German states call for unused AstraZeneca vaccine to be given to younger people

FRANKFURT (Reuters) - Several federal states on Sunday called for unused AstraZeneca coronavirus vaccines to be given to younger people, as concerns about side effects and effectiveness, as well as a recommendation that should only be used for those under 65, meant low acceptance of the available Cans.
The German Ministry of Health announced this week it had administered only 15% of the available AstraZeneca shots, confirming concerns that Germans are being selective and slowing vaccination efforts.
Older people are first to vaccinate, but Germany has recommended that the AstraZeneca vaccine only be given to people aged 18 to 64 years. The EU regulators have declared it safe.
The Prime Ministers of Baden-Württemberg, Bavaria and Saxony told the German newspapers on Sunday that the prioritization scheme should be weakened if shots intended for older Germans are not used so that younger people can receive it earlier than originally planned.
"We can't afford to have the vaccine standing around and not being used because some of those entitled refuse it," said Baden-Württemberg's Prime Minister Winfried Kretschmann to Welt am Sonntag. The Bavarian Markus Soeder made remarks similar to Bild am Sonntag and the Saxon Michael Kretschmer to the Frankfurter Allgemeine Sonntagszeitung.
Health officials in some European countries - including Germany - are also facing resistance to the AstraZeneca vaccine after side effects such as fever and muscle pain caused some front-line workers to fall ill.

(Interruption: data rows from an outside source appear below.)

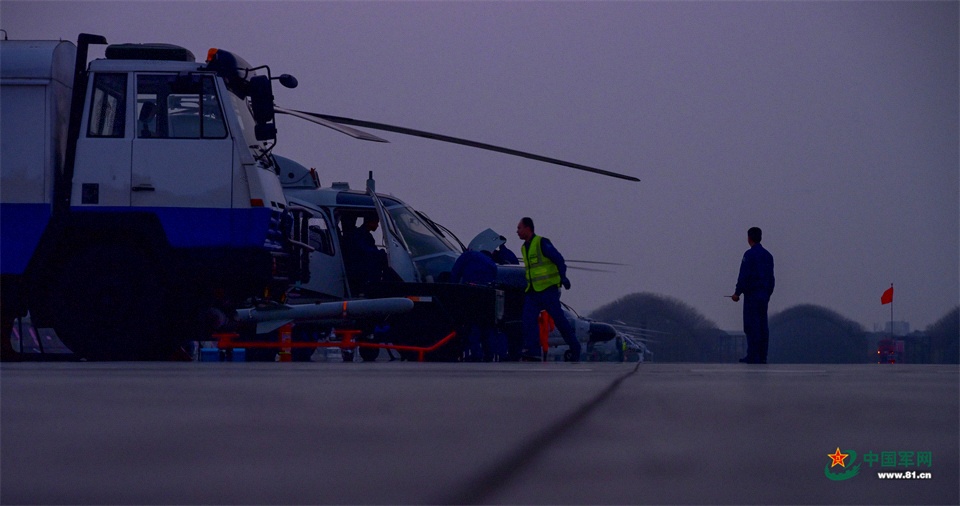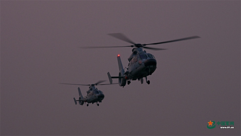 夜色如墨,数架直升机依次升空,呼啸着向目标海域突进。抵达目标空域后,编队迅速转入搜索识别课目。飞行员利用机载雷达和光电设备,在复杂海况下快速锁定目标,完成识别确认后迅即脱离,动作精准连贯。训练过程中,编队还完成了横队、纵队等多种队形变换,飞行员紧盯仪表数据,精准操控战机,始终保持编队协同一致。
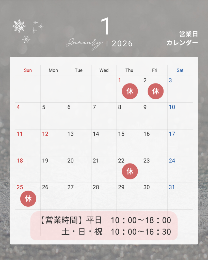 ◯一日休み⋯1/1(木)、1/2(金)、1/22(木)、1/25(日)
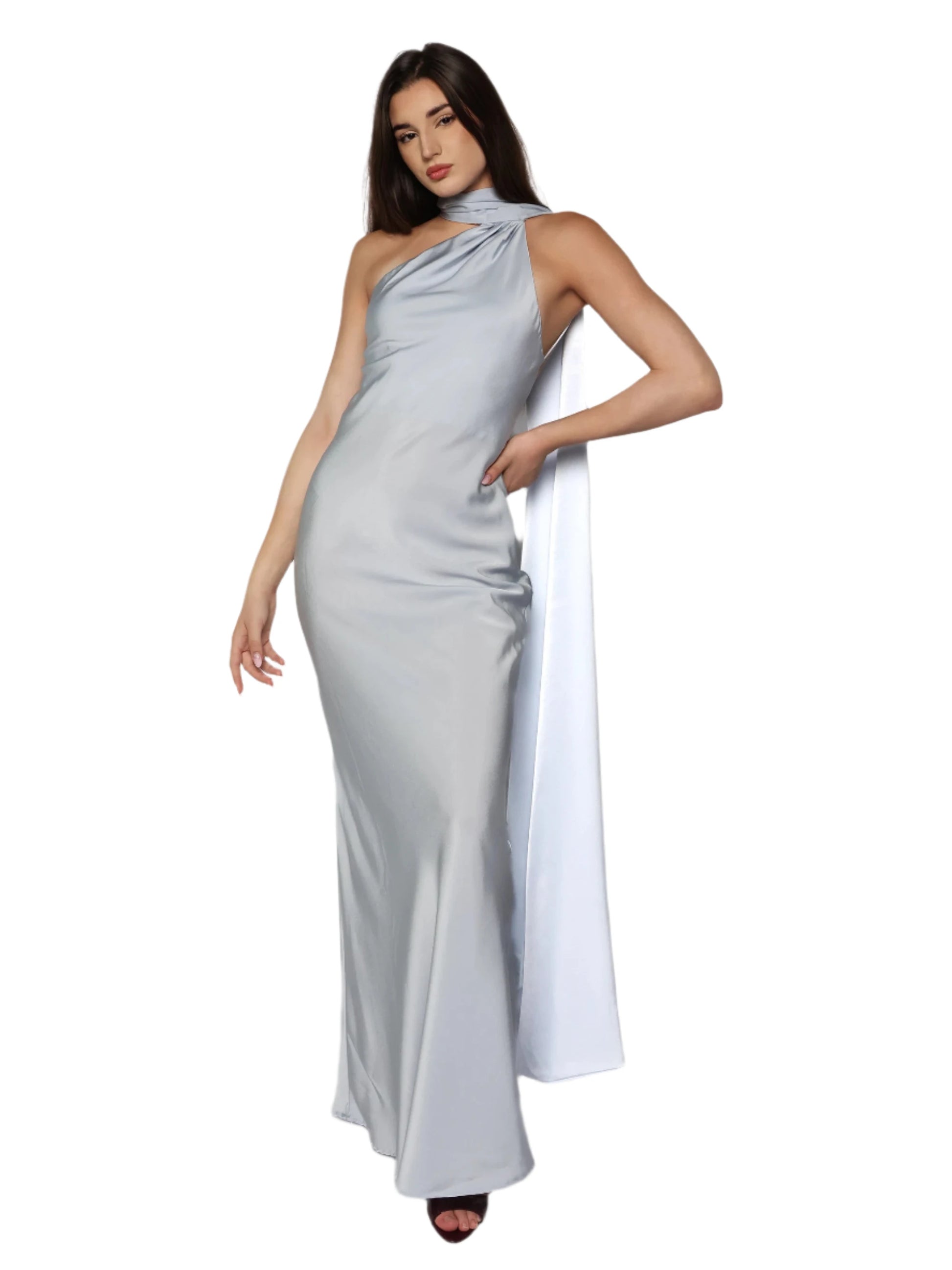 Rochie lunga satinata cu detaliu tip esarfa fluida, Alma

The other European approved shots developed by Pfizer and Moderna have been linked to similar transient side effects.
The federal government on Friday urged the public to take the AstraZeneca vaccine, while Robert Koch Institute director Lothar Wieler said data from the UK and Israel showed it was "very, very effective".
The recommendation that the vaccine should only be given to people under the age of 65 came from the German expert committee for the use of vaccines (STIKO). The head of STIKO, Thomas Mertens, said on Friday that he would update his recommendation very soon.
"Somehow the whole thing went somehow bad," he told the broadcaster ZDF.